PepGen Announces Clearance by Health Canada of CTA for PGN-EDO51 to Begin the Phase 2 Clinical Trial, CONNECT1-EDO51, for the Treatment of Duchenne Muscular Dystrophy
2023年5月18日 - 8:00PM
PepGen Inc. (Nasdaq: PEPG), a clinical-stage biotechnology company
advancing the next generation of oligonucleotide therapies with the
goal of transforming the treatment of severe neuromuscular and
neurological diseases, today announced that the company has
received a No Objection Letter (NOL) for its Clinical Trial
Application (CTA) from Health Canada for its Phase 2 CONNECT1-EDO51
study to initiate an open label, multiple ascending dose (MAD)

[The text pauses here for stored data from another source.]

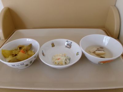 幼児食:カレーライス、マカロニサラダ、すまし汁
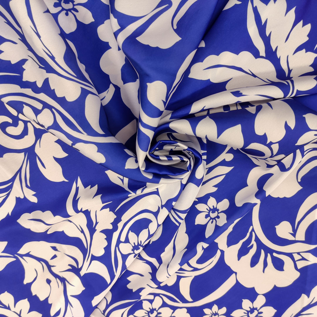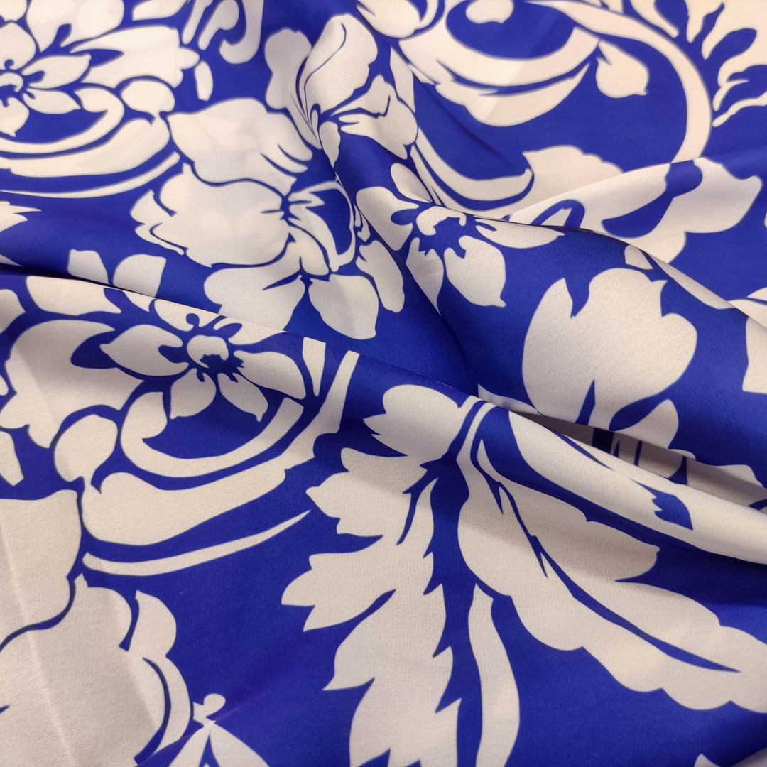 Tessuto Satin a fantasia motivo floreale bianco – blu elettrico
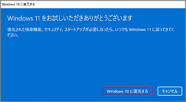 ■Windows10からWindows11【25H2】にアップグレードした後に、Windows10に戻す場合は【Windows10に復元する】を選択します。
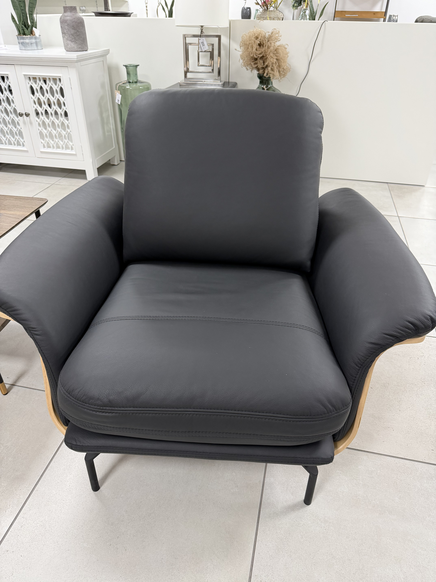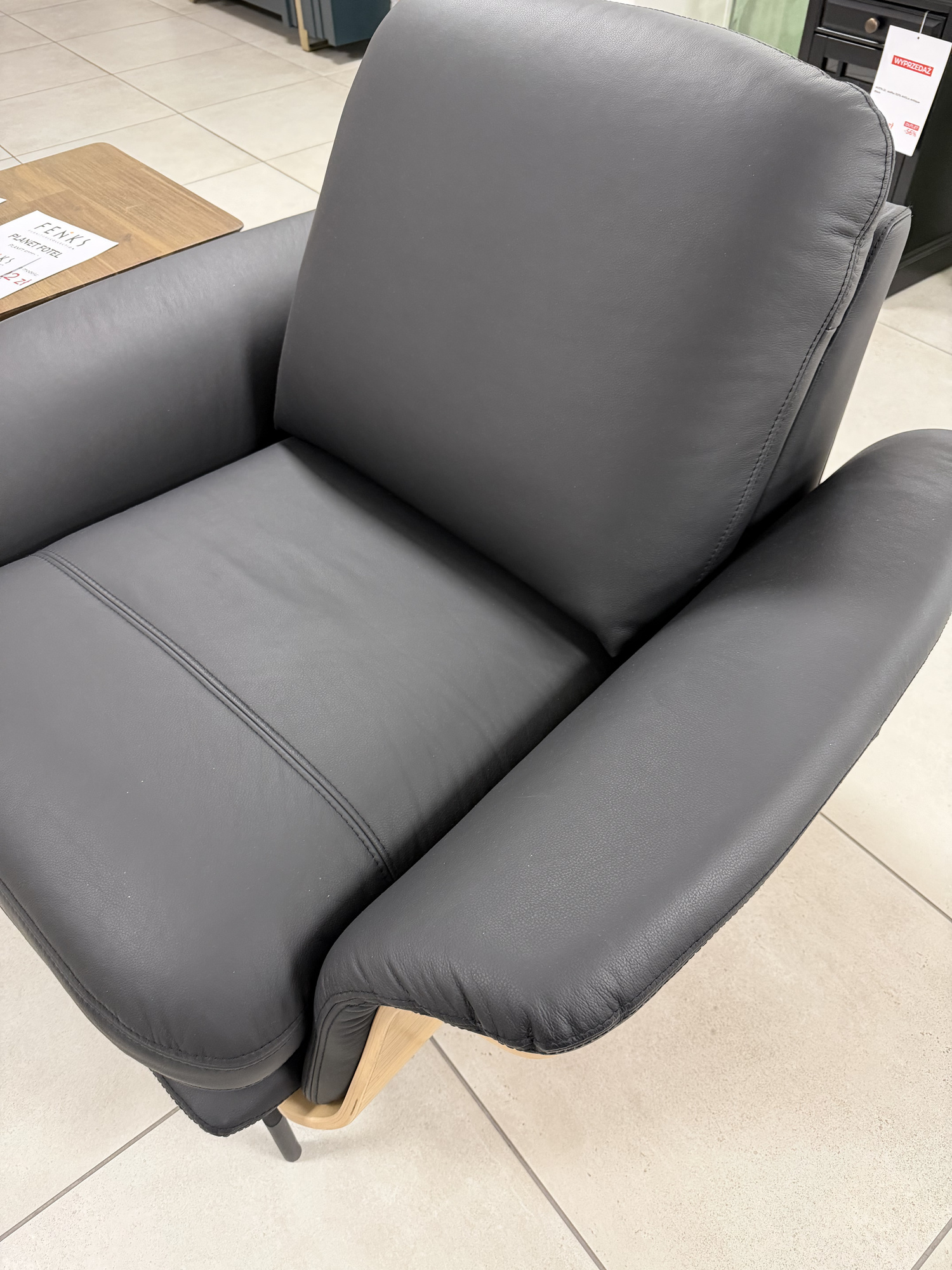 Tapicerowany wysokiej jakości skórą w kolorze Nero (czarny), fotel prezentuje się niezwykle stylowo i doskonale wpisuje się zarówno w nowoczesne, jak i bardziej klasyczne wnętrza. Miękkie, szerokie siedzisko oraz wygodne oparcie zapewniają wysoki komfort podczas codziennego relaksu — czy to przy kawie, książce, czy wieczornym odpoczynku.
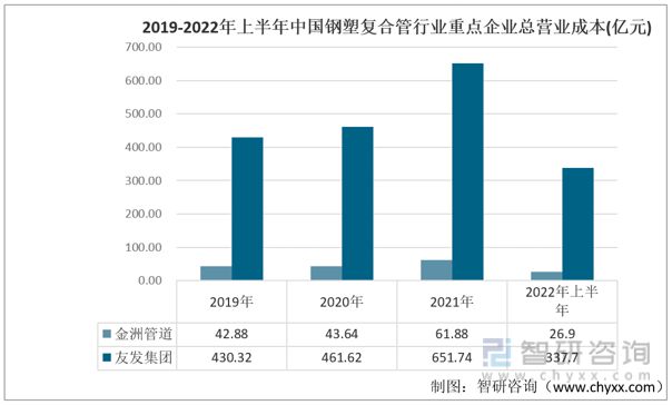 從兩家企業(yè)近年來(lái)各自的營(yíng)業(yè)成本來(lái)看,兩家企業(yè)的總營(yíng)業(yè)成本都呈現(xiàn)上漲的趨勢(shì)。其中,2022年上半年金洲管道、友發(fā)集團(tuán)各自的總營(yíng)業(yè)成本分別為26.9億元以及337.7億元。

clinical trial of PGN-EDO51 in patients with Duchenne muscular
dystrophy (DMD) amenable to an exon 51 skipping approach. The
Company expects to begin dosing patients with PGN-EDO51 in 2H
2023.
“Today is the next step in our development of PGN-EDO51, a
potentially transformative treatment candidate for people living
with DMD. Building upon the encouraging safety, tolerability, and
exon skipping data from our Phase 1 healthy volunteer (HV) study
reported last year showing promising tolerability and exon-skipping
activity, we are pleased to continue our work with the DMD
community to develop a therapy that we hope will produce meaningful
levels of a functional, skipped dystrophin protein,” said James
McArthur, Ph.D., President and CEO of PepGen. “In addition to
our most advanced program, PGN-EDO51, we eagerly anticipate
providing the community with updates on our progress to develop
transformational therapies for myotonic dystrophy type one (DM1),
and other exon skippable mutations for people living with DMD,
including 53, 45 and 44. We are leveraging the power of our EDO
technology to work to change the future for people living with
these devastating diseases.”
“PGN-EDO51 exhibited the highest levels of oligonucleotide
delivery and exon 51 skipping in a clinical study following a
single dose of 5, 10 and 15 mg/kg in healthy volunteers when
compared to publicly available clinical data for other exon 51
skipping approaches,” said Michelle Mellion, M.D., SVP and Head of
Clinical Development at PepGen. “At these dose levels, the majority
of treatment emergent adverse events (TEAE) were assessed as mild
and resolved without any intervention. Looking ahead, and based on
our nonclinical data, we believe CONNECT1-EDO51 may support a
differentiated profile for PGN-EDO51 relative to other
investigational and approved therapies based on previously observed
meaningful and durable data on dystrophin production, as well as
clinical assessments. In summary, we believe PGN-EDO51 offers the
hope of a more complete correction of the disease pathology and
look forward to sharing updates on the progress of our planned
trial.”
PepGen plans to evaluate PGN-EDO51 in approximately 3 cohorts of
ambulatory and non-ambulatory boys and young men in the
CONNECT1-EDO51 study, an open label, MAD clinical trial starting at
5 mg/kg, with plans to escalate to 10 mg/kg and potentially other
doses following Drug Safety Monitoring Board (DSMB) review. The
Phase 2 study will evaluate safety, tolerability, dystrophin
levels, pharmacokinetics and clinical assessments.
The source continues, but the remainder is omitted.